Material provided:
•••
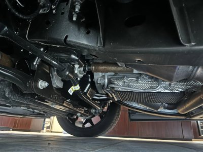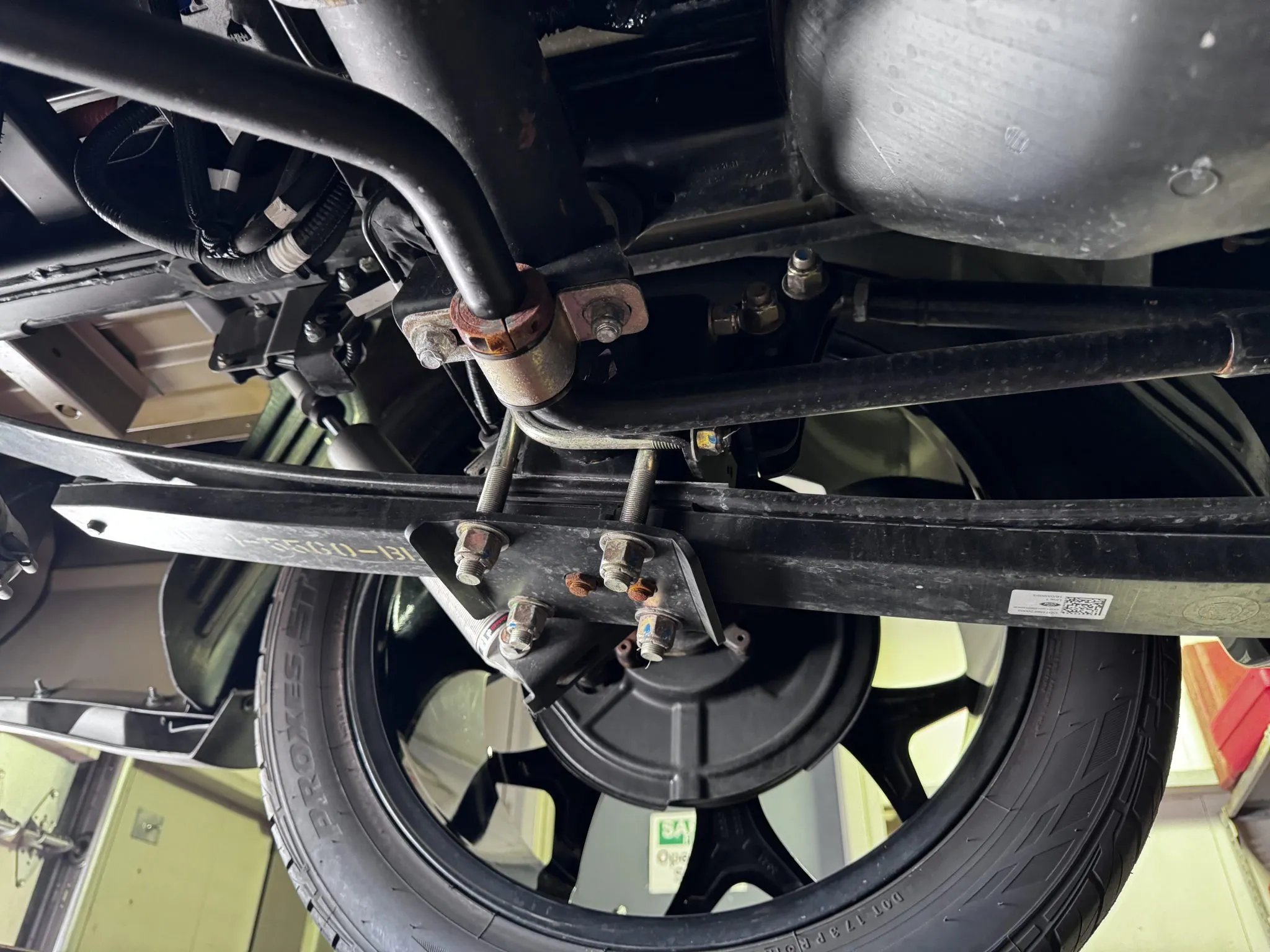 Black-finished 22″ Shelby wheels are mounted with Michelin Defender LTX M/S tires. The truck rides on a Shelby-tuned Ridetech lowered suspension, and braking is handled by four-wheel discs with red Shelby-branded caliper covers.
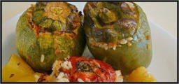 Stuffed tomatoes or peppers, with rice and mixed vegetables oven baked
•••
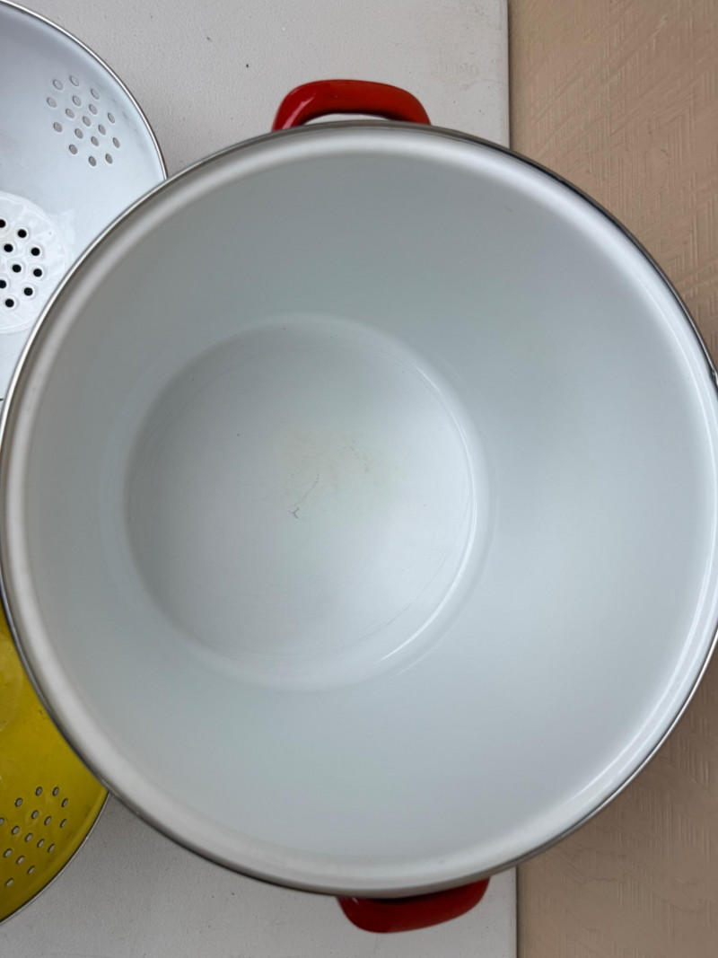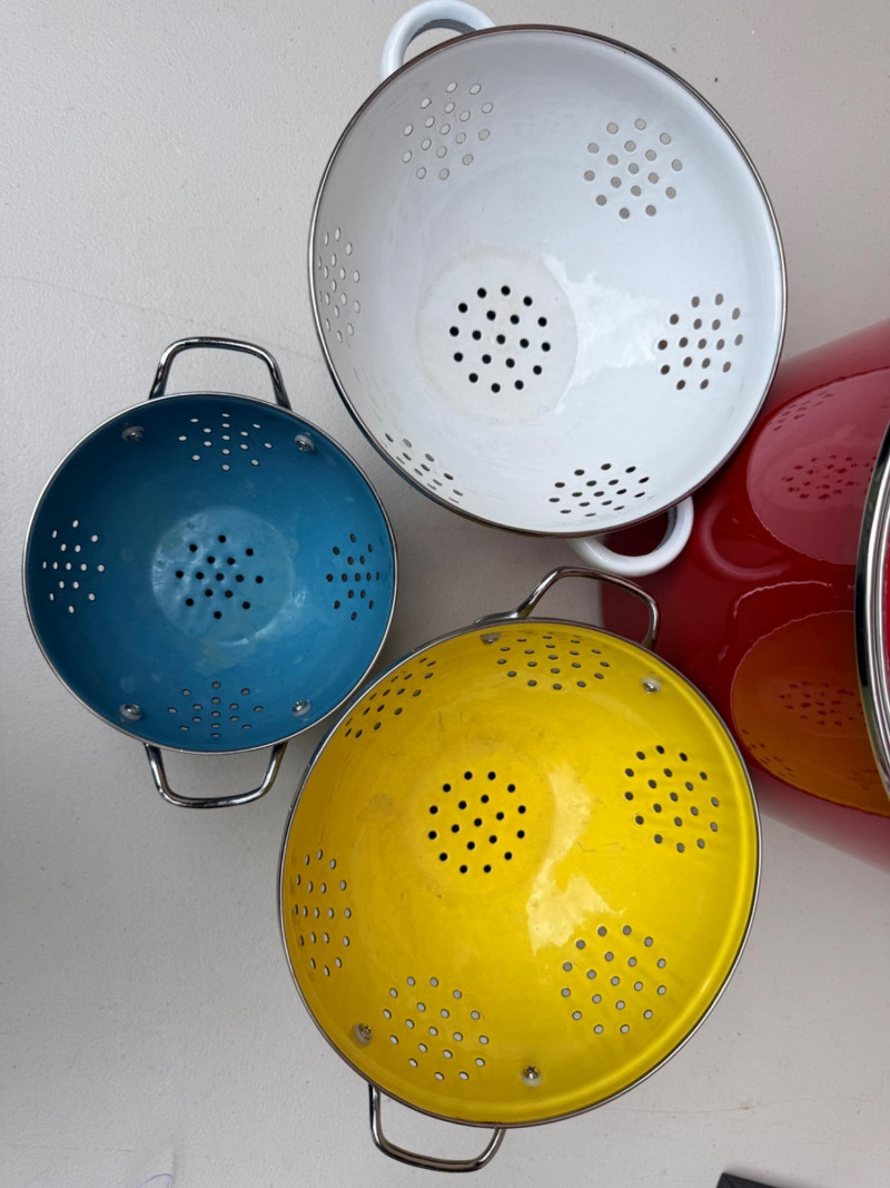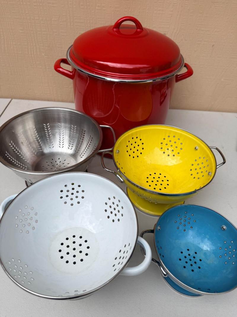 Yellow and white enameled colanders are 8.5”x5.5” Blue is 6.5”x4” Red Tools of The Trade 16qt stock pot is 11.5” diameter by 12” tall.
•••
Task instructions: In the listing above, find the line containing "Black-finished 22″ Shelby" and the line containing "Stuffed tomatoes or"; print those lines and every line between them exactly, leaving out pictures.

Solution to this problem:
 Black-finished 22″ Shelby wheels are mounted with Michelin Defender LTX M/S tires. The truck rides on a Shelby-tuned Ridetech lowered suspension, and braking is handled by four-wheel discs with red Shelby-branded caliper covers.
 Stuffed tomatoes or peppers, with rice and mixed vegetables oven baked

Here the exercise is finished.